▸ ACTION ITEM
Everything from the line that holds "Il bordo in" through the end of the records below is to be transcribed exactly, except the pictures.

▸ DATA IN THIS EXERCISE
--------------------

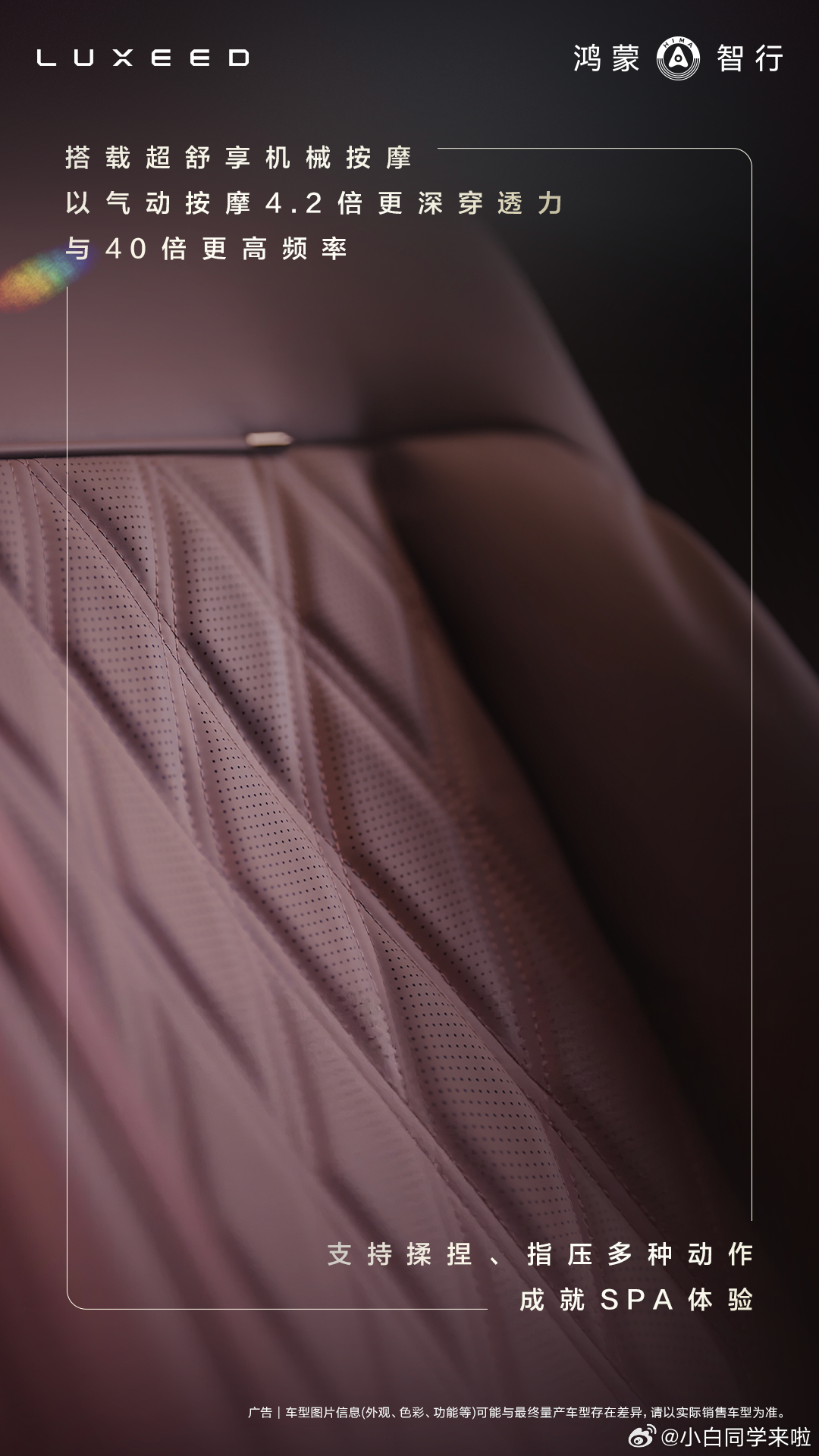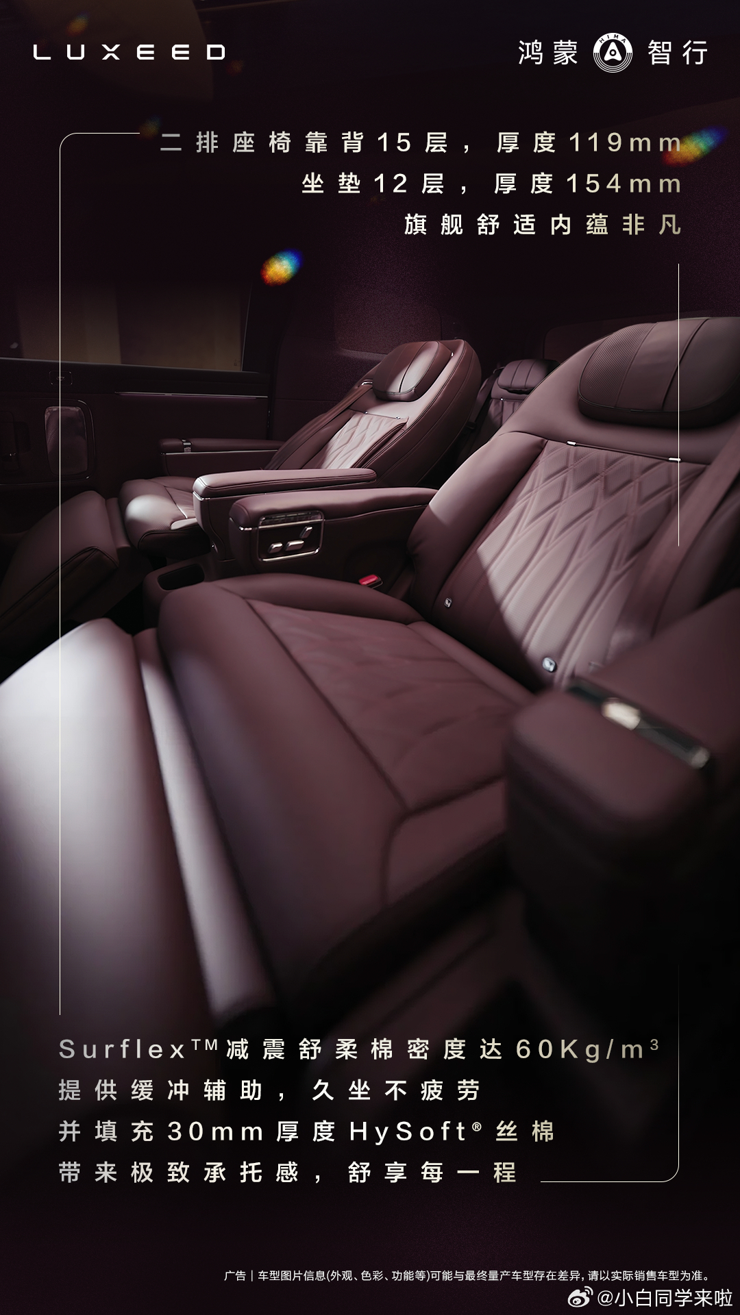 这组内饰图可以看到二排这两把座椅真用料是真足,伊姆斯躺椅、对坐模式、机械按摩、主动侧翼,腿托厚度很厚。
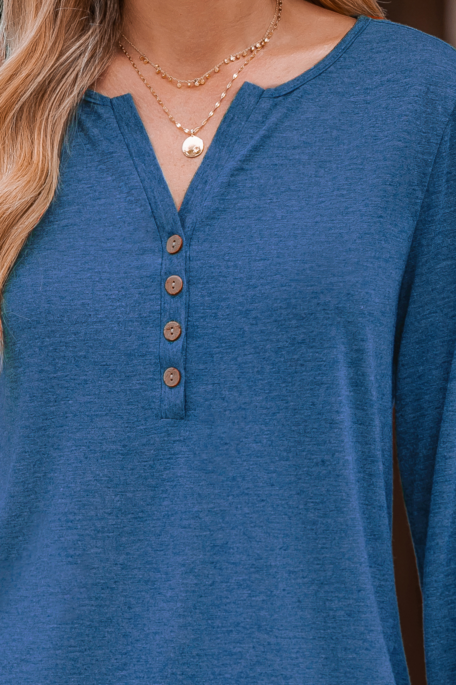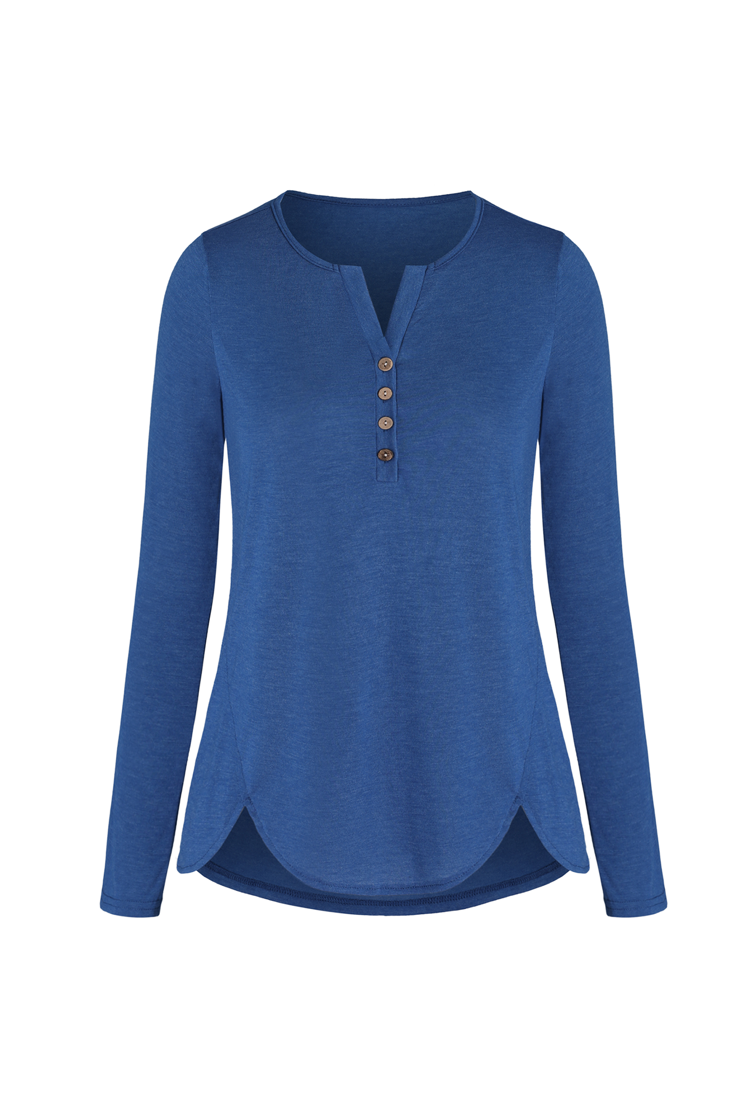 Wrap yourself in comfort and style with our Slub Knit Long Sleeve Blue Henley Tee! With its cozy slub knit fabric, scalloped hem, and classic henley neckline, this tee is the perfect blend of casual and chic, making it a versatile and essential piece for your everyday wardrobe.
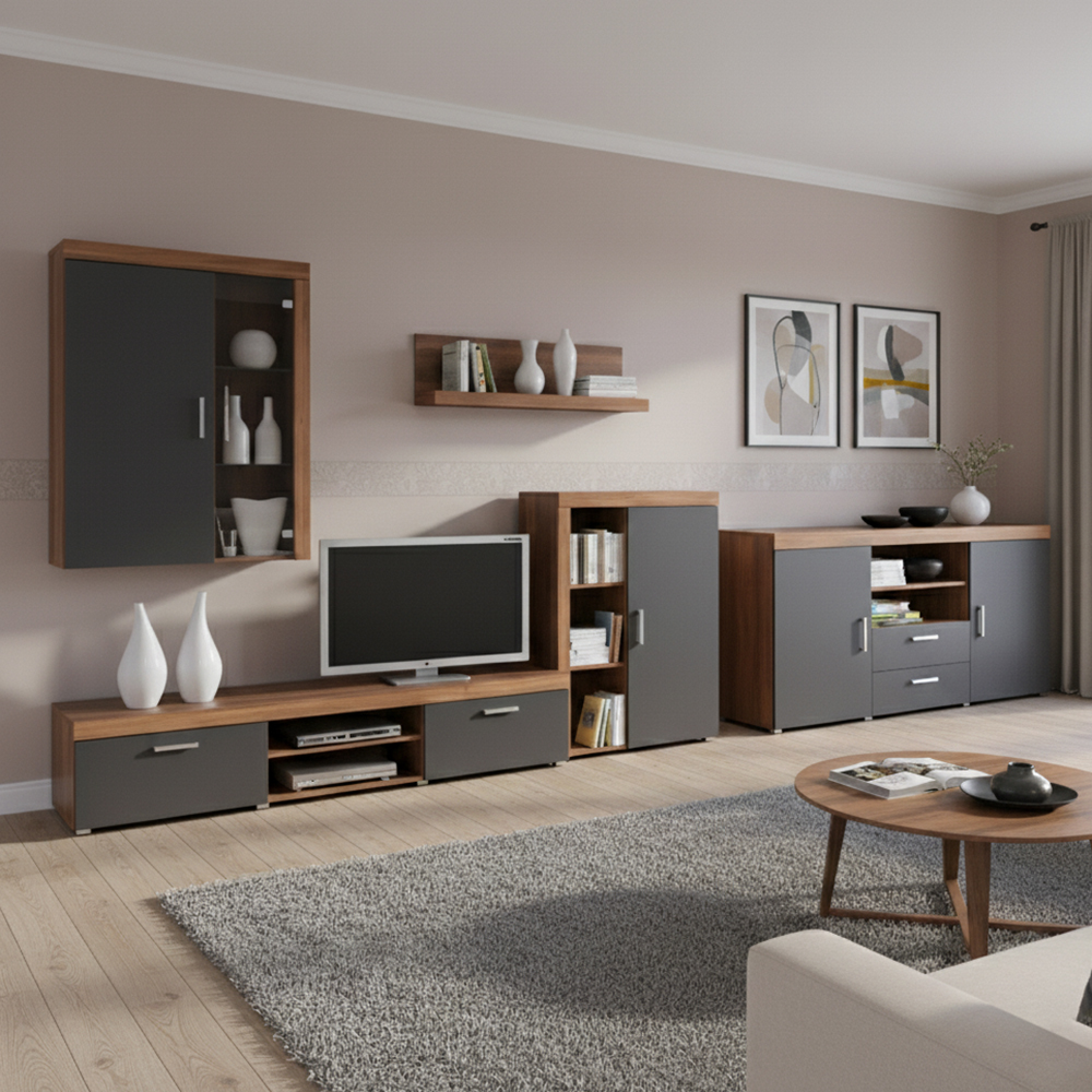 Sestava C - Obývací systém Samba je zajímavý nejen svým moderním designem, ale také dobrou kvalitou zpracování a nízkou cenou. Lze si u nás objednat, jak celou sestavu, tak i jednotlivé díly, se kterými si vytvoříte obývací pokoj podle svých představ. Nábytek Vám dodáme v demontu s návodem na sestavení a kováním.
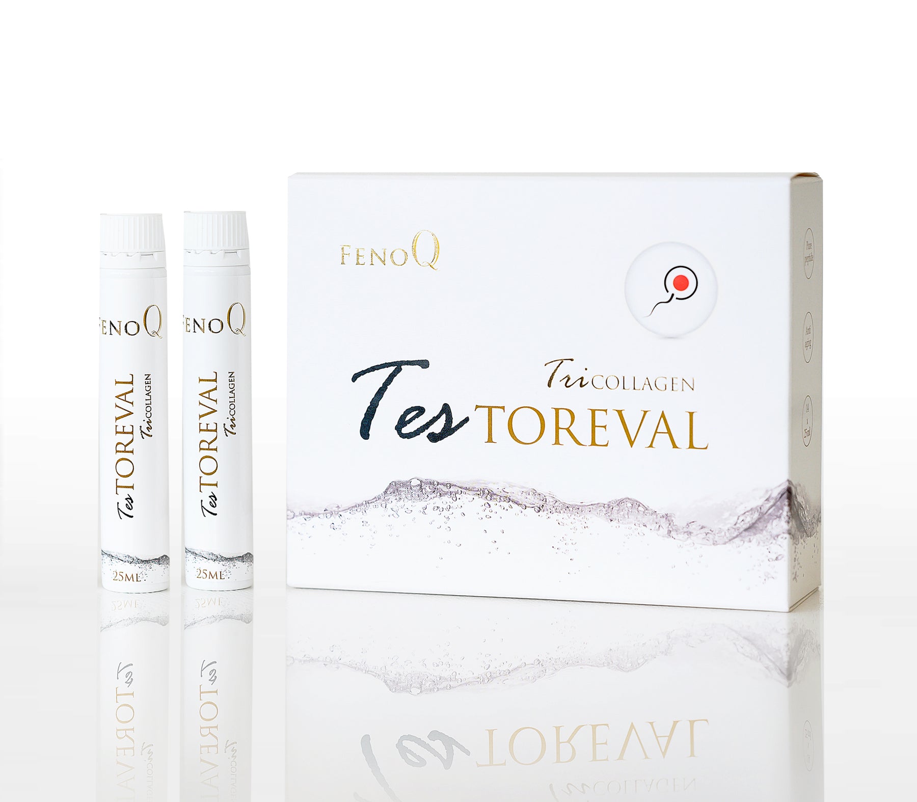 Sumažėjęs vaisingumas, lytinis potraukis, ištvermė ir kitos silpnėjančio vyriškumo savybės stipriai pažeidžia vyrus nepriklausomai nuo to, kiek jiems metų. „FenoQ Tricollagen Testoreval“ užduotis užtikrinti, kad vyrų organizme netrūktų medžiagų reikalingų vaisingumui, vyriškumui, jaunystei ir neribotam judėjimui puoselėti. Preparato efektyvumą lemia kruopščiai tarpusavyje suderinti vitaminai, mineralai, augaliniai komponentai, trikolageno peptidai ir kiti biologiškai aktyvūs ingredientai, kurie skatina natūralią pagrindinio vyriško hormono – testosterono gamybą organizme.
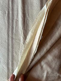 Il bordo in raso presenta diverse scuciture lungo il perimetro (visibili in foto).
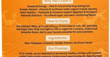 A natural mix of oats, roasted peanuts, and cinnamon. High in plant-based protein and fiber, free from added sugar, and perfect for a quick, healthy breakfast.
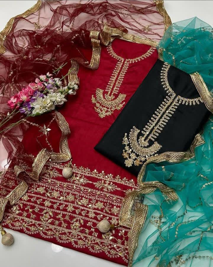 Galla Daman full heavy adda work & nagina beats with heavy slives work shirt 11/24 inches Daman embroidery
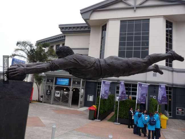 Bức tượng điêu khắc ở New Zealand về “cầu thủ” nhất định không buông tay. (Có lẽ sợ sẽ rơi xuống).
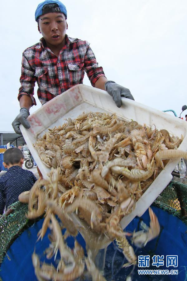 9月1日,在山东烟台芝罘岛东口渔港,渔民将捕获的爬虾装桶。 新华社发(唐克摄)
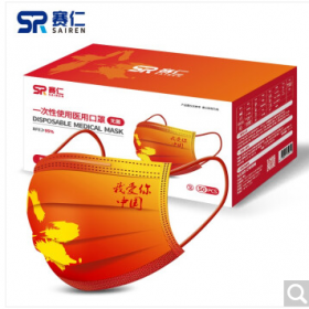• 赛仁/SAIREN SR175防护口罩 一次性使用口罩50片/盒 无菌每片独立装 17.5*9.5cm 我爱你中国口罩
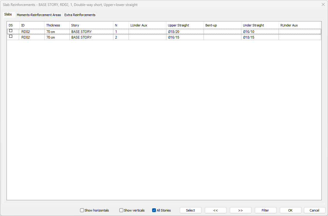 Show verticals ![]() It displays the vertical reinforcements in the slabs by filtering, and the horizontal reinforcements are hidden. |

--------------------

▸ ANSWER FOR THE TASK
 Il bordo in raso presenta diverse scuciture lungo il perimetro (visibili in foto).
 A natural mix of oats, roasted peanuts, and cinnamon. High in plant-based protein and fiber, free from added sugar, and perfect for a quick, healthy breakfast.
 Galla Daman full heavy adda work & nagina beats with heavy slives work shirt 11/24 inches Daman embroidery
 Bức tượng điêu khắc ở New Zealand về “cầu thủ” nhất định không buông tay. (Có lẽ sợ sẽ rơi xuống).
 9月1日,在山东烟台芝罘岛东口渔港,渔民将捕获的爬虾装桶。 新华社发(唐克摄)
• 赛仁/SAIREN SR175防护口罩 一次性使用口罩50片/盒 无菌每片独立装 17.5*9.5cm 我爱你中国口罩
 Show verticals ![]() It displays the vertical reinforcements in the slabs by filtering, and the horizontal reinforcements are hidden. |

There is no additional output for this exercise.